Userwrite a review of arcade fire's 2004 album "funeral" in the style of pitchfork
ChatGPTTitle: Arcade Fire's "Funeral" Resonates with a Cathartic Elegance
Rating: 9.7
Arcade Fire's debut album, "Funeral," remains a seismic force in indie rock's landscape, an opulent sonic panorama that intertwines grandiosity with an intimate, emotional urgency. Released in 2004, this Montreal-based collective—helmed by Win Butler and Régine Chassagne—crafted a masterpiece that defies easy categorization, fusing chamber pop, post-rock, and indie sensibilities into a cohesive, cathartic symphony.

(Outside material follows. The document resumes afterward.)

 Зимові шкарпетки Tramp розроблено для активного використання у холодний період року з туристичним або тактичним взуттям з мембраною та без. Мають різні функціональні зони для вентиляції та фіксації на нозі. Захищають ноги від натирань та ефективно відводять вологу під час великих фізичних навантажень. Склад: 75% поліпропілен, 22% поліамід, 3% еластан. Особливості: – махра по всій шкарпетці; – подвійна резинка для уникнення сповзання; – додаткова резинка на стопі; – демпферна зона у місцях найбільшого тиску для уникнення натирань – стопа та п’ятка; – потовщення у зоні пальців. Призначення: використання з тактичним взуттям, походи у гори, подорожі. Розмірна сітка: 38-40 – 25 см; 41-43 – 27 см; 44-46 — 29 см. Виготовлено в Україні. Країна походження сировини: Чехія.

The album opens with "Neighborhood #1 (Tunnels)," an expansive track that sets the tone for the album's exploration of loss, nostalgia, and the relentless passage of time. From the outset, "Funeral" stands as a testament to the band's ability to seamlessly weave together disparate elements—joyful and melancholic, bombastic and tender.
One of the album's most striking qualities is its dynamic range. Tracks like "Neighborhood #2 (Laïka)" and "Une année sans lumière" showcase Arcade Fire's penchant for building tension through orchestral crescendos, only to release it in a torrent of emotion. The arrangements, marked by cascading strings, sprightly pianos, and thunderous percussion, contribute to the album's cinematic quality, painting vivid emotional landscapes.
Lyrically, "Funeral" grapples with mortality, existentialism, and the specter of loss, often tinged with a sense of hope and resilience. The anthemic "Wake Up" encapsulates this ethos, urging listeners to embrace life's uncertainties. Butler's impassioned vocals resonate, infusing each word with a raw authenticity that pierces through the lush instrumentation.
Régine Chassagne's contributions, both vocally and instrumentally, add another layer of complexity to the album. Her ethereal voice shines on tracks like "Haiti" and "In the Backseat," providing a poignant counterpoint to Butler's vocals. The thematic richness extends to the album's title itself—"Funeral"—a nod to the deaths that inspired its creation and a metaphor for the rebirth that follows.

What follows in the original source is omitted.